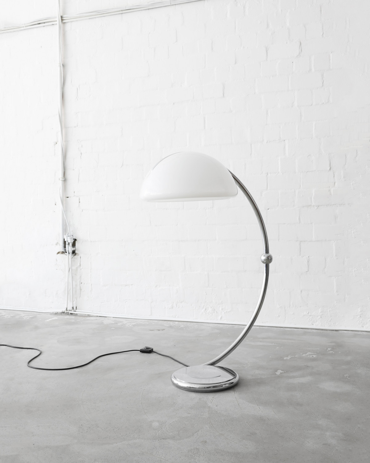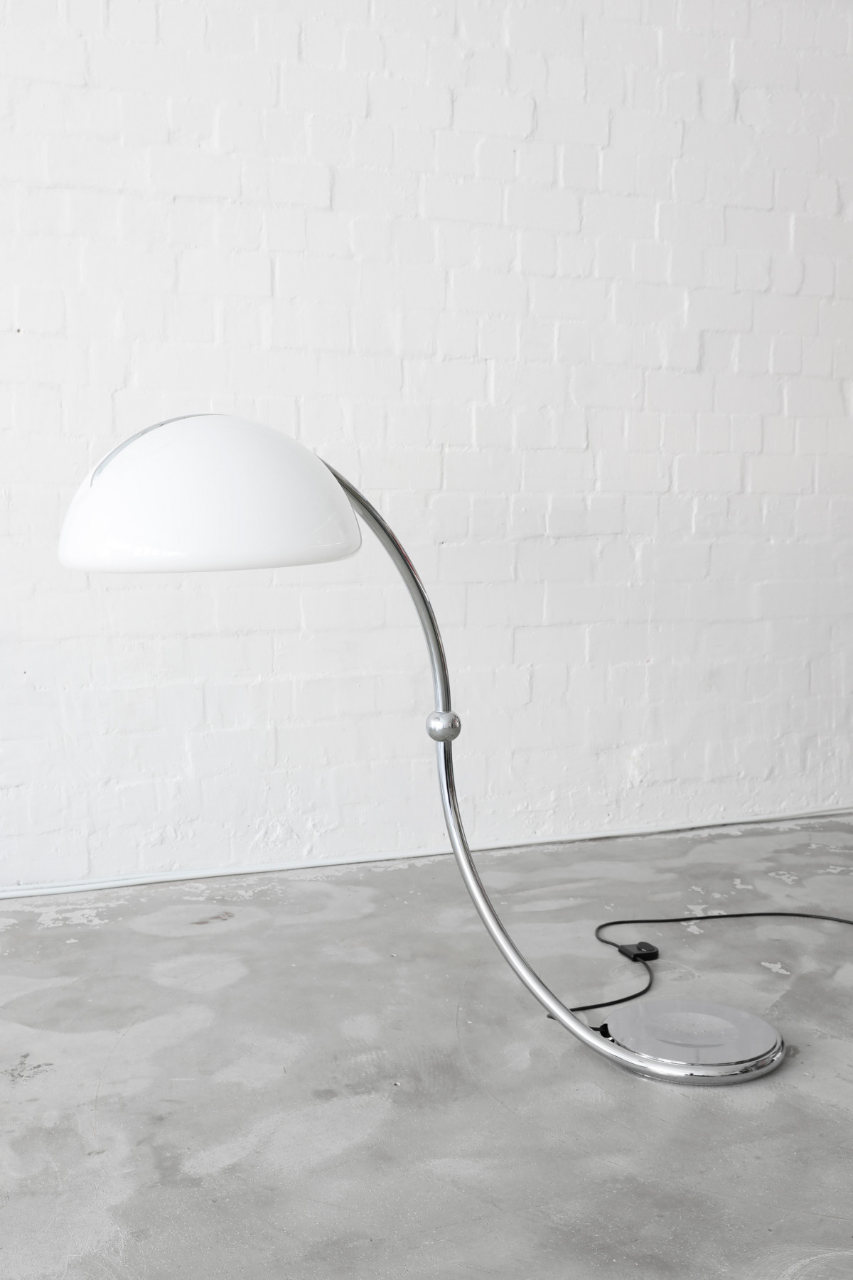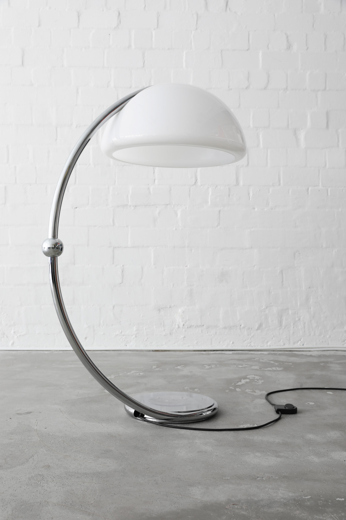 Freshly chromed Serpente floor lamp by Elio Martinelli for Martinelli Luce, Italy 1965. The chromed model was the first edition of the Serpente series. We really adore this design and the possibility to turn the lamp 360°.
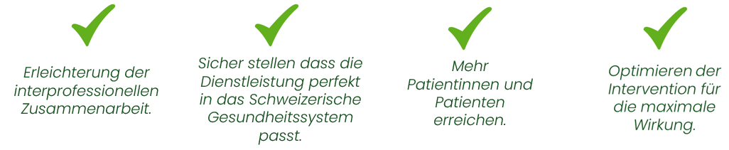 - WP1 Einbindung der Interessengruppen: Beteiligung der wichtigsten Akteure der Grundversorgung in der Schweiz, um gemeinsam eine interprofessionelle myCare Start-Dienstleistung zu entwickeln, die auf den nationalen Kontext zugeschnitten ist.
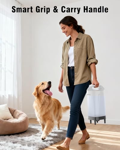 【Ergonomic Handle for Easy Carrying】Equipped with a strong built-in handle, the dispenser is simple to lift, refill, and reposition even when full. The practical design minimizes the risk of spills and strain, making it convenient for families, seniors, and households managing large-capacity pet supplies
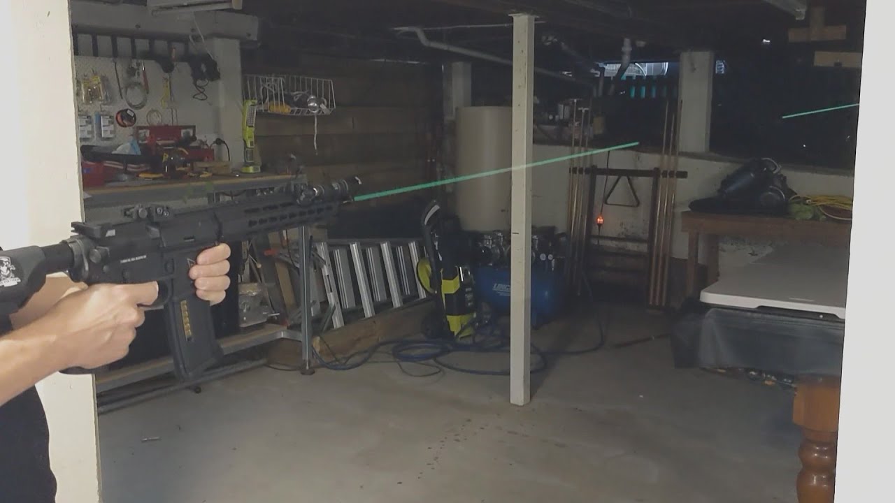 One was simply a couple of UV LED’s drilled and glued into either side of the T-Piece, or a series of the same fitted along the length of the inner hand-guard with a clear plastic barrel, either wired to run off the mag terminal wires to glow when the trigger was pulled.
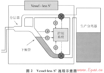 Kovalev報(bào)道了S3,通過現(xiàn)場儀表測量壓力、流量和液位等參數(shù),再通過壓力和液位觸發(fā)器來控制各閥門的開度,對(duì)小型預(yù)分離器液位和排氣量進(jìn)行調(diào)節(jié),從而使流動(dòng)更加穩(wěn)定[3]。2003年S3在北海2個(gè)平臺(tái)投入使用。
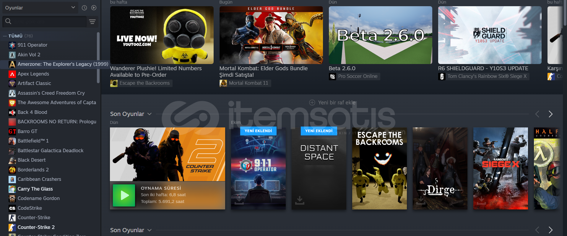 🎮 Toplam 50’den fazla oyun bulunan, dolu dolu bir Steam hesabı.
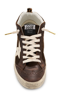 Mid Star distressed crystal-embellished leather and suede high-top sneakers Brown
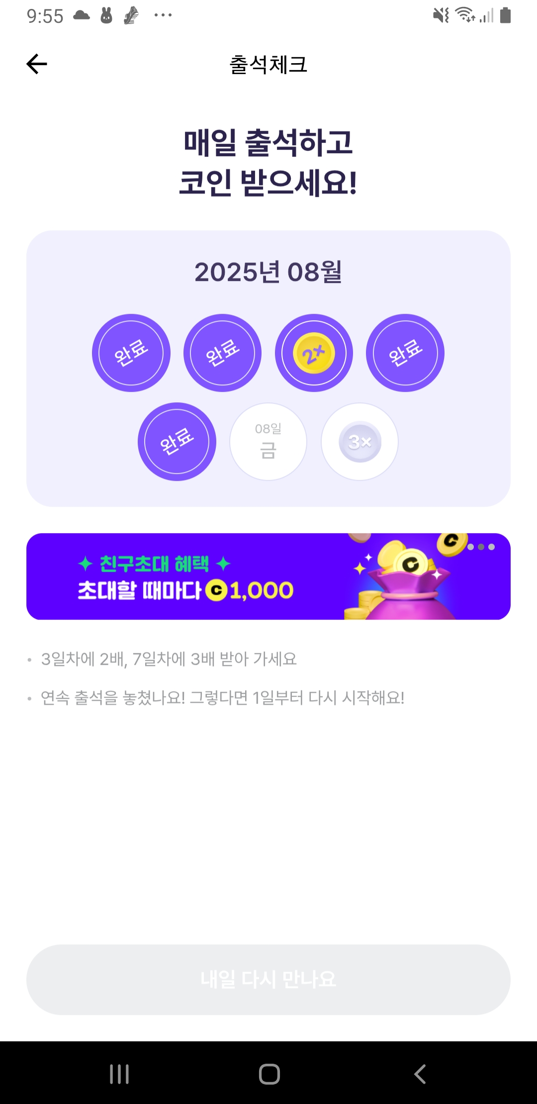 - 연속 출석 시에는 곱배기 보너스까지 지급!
* * * * * * * * *
Reproduce the lines above letter for letter. The pictures stay behind.

*SOLVED PROBLEM*:
 Freshly chromed Serpente floor lamp by Elio Martinelli for Martinelli Luce, Italy 1965. The chromed model was the first edition of the Serpente series. We really adore this design and the possibility to turn the lamp 360°.
 - WP1 Einbindung der Interessengruppen: Beteiligung der wichtigsten Akteure der Grundversorgung in der Schweiz, um gemeinsam eine interprofessionelle myCare Start-Dienstleistung zu entwickeln, die auf den nationalen Kontext zugeschnitten ist.
 【Ergonomic Handle for Easy Carrying】Equipped with a strong built-in handle, the dispenser is simple to lift, refill, and reposition even when full. The practical design minimizes the risk of spills and strain, making it convenient for families, seniors, and households managing large-capacity pet supplies
 One was simply a couple of UV LED’s drilled and glued into either side of the T-Piece, or a series of the same fitted along the length of the inner hand-guard with a clear plastic barrel, either wired to run off the mag terminal wires to glow when the trigger was pulled.
 Kovalev報(bào)道了S3,通過現(xiàn)場儀表測量壓力、流量和液位等參數(shù),再通過壓力和液位觸發(fā)器來控制各閥門的開度,對(duì)小型預(yù)分離器液位和排氣量進(jìn)行調(diào)節(jié),從而使流動(dòng)更加穩(wěn)定[3]。2003年S3在北海2個(gè)平臺(tái)投入使用。
 🎮 Toplam 50’den fazla oyun bulunan, dolu dolu bir Steam hesabı.
 Mid Star distressed crystal-embellished leather and suede high-top sneakers Brown
 - 연속 출석 시에는 곱배기 보너스까지 지급!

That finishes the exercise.